=== Provided records ===

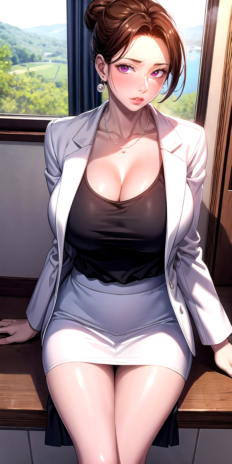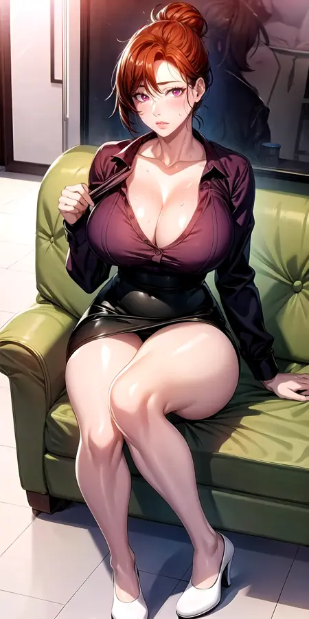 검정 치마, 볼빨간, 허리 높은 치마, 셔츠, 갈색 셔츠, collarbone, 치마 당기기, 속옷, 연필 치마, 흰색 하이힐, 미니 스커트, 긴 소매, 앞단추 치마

===
=== Provided records ===

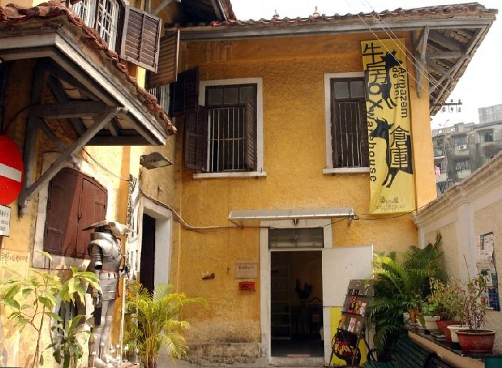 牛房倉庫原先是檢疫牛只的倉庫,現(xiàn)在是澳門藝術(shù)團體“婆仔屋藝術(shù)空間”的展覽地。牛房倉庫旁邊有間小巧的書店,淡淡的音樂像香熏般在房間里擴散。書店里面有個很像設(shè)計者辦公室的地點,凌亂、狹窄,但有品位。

===
=== Provided records ===

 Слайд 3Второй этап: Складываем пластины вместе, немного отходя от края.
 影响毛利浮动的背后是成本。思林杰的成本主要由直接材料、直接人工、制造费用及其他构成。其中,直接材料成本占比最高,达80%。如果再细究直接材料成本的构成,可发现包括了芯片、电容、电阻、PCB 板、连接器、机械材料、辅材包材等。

===

● Work required: What is asked for is an exact copy of the lines above from the one containing "Слайд 3Второй этап: Складываем" through the one containing "影响毛利浮动的背后是成本。思", and only those.

● Solution to the exercise:
 Слайд 3Второй этап: Складываем пластины вместе, немного отходя от края.
 影响毛利浮动的背后是成本。思林杰的成本主要由直接材料、直接人工、制造费用及其他构成。其中,直接材料成本占比最高,达80%。如果再细究直接材料成本的构成,可发现包括了芯片、电容、电阻、PCB 板、连接器、机械材料、辅材包材等。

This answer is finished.